Figure: A: Schematic illustration of the microfluidic compartmentalized CNS neuron co-culture platform (Source: Park et al., Biomed Microdevices. 2009). B: Vasculature in vitro model (Source: Zheng et al., Proc Natl Acad Sci U S A. 2012)
Microfluidic devices provide an extremely important advantage here, which is the precise control over all the conditions on a chip, which on a contrary if done in conventional 3D cultures, require spacious automation and architectures. In a nutshell, it is like a miniaturized version of analytical platforms or a lab-on-a-chip.
For using microfluidic cell culture studies and cellular response certain key parameters are crucial such as:
PDMS or polydimethylsiloxane is a derivative of the cross-linked polymer of silicone, most commonly used for making microfluidic devices. This polymer is innately flexible, low cost, optically permeable, and porous enough to allow gaseous molecules to pass through them. PDMS allow fabrication of complicated biocompatible fluidic circuits with a very simple prototype. This material can be moulded into a microfluidic device by a technique called Soft lithography. Despite a glamorous use of PDMS in making the chambers, not all cells grow so well on this elastomer. Different modifications of PDMS and other synthetic surfaces are being introduced these days to allow all cell types grow in the microfluidic device.

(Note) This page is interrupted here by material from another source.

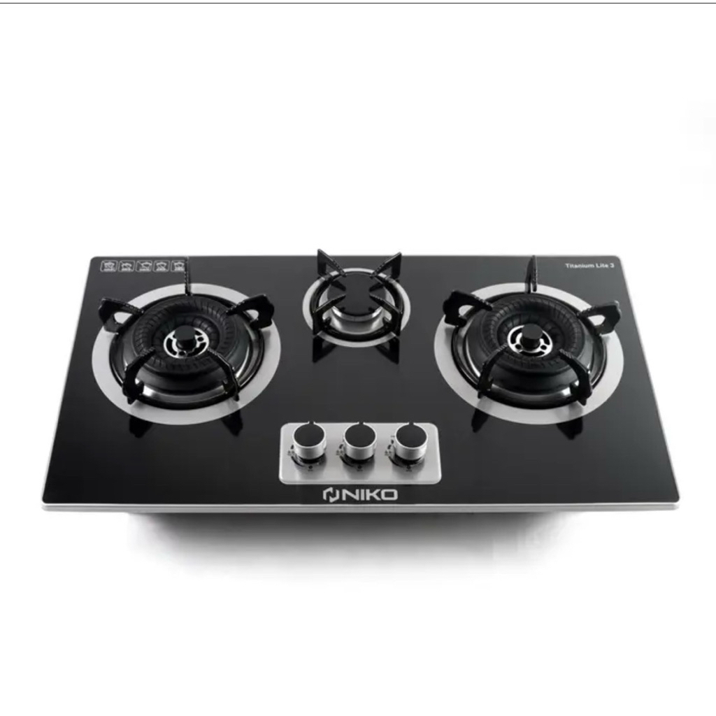 Niko Titanium Lite 3 Kompor Gas Tanam Stenlis Steel / Kompor Kaca Mewah Api Biru Sni Original Garansi Resmi

Studies have revealed that PDMS is an excellent candidate for making an optimal surface for microfluidic devices given the situation where it is cured completely so that the uncross-linked oligomers does not leach out into the culture media.

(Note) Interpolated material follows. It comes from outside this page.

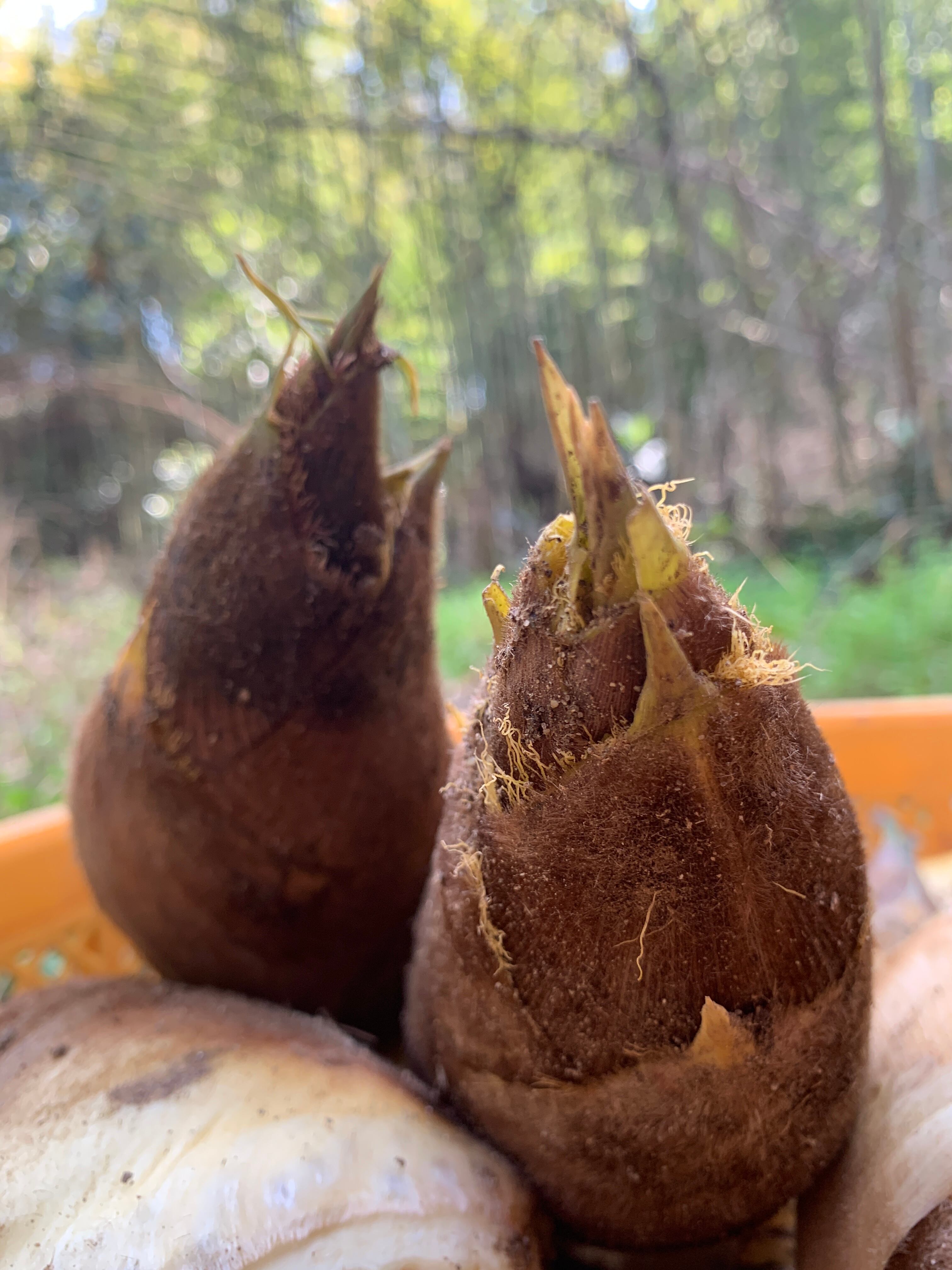 昔ネーブル畑だった肥えた土地に、自然に生えてくるタケノコです。

The surface of PDMS despite all the other favourable properties is hydrophobic, therefore requires treatment so that the cells can adhere to it. There are different ways to make them conducive to cell growth. The common ways are UV treatment, Oxygen plasma treatment, and coating with extracellular matrix proteins such as collagen or laminin, hydrogels, and charged molecules such as poly-d-lysine.

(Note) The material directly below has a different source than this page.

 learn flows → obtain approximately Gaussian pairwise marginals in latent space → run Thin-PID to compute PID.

As described in the properties of PDMS, the porosity allows movement of small hydrophobic molecules from the media into the polymer. The diffusion rate depends on the hydrophobicity of the molecules, therefore experiments, where the role of these fat-soluble molecules such as vitamins or hormones is an important parameter, should be optimized well by knowing the diffusion rates. A coating on a PDMS surface can help in reducing absorption by a greater extent.
The external factors such as CO2, O2 level, pH, osmolarity and nutrient circulation are crucial for the optimal growth of cells in a culture. PDMS is extremely permeable to gases which is an advantage but becomes a disadvantage as water vapour gets evaporated continuously apart from permeation of CO2 and O2 to make the media ambient. This evaporation might change the osmolarity by many folds as the surface area is very small. Therefore the cultures need to be buffered continuously with buffers of pH 7.4 to maintain optimal pH and osmolarity. For this purpose, syringe pumps are often used to precisely control the influx and outflux of the buffered media.
Overall, microfluidics devices are much closer to the in-vivo systems with a high level of dynamics control than conventional 3D cultures.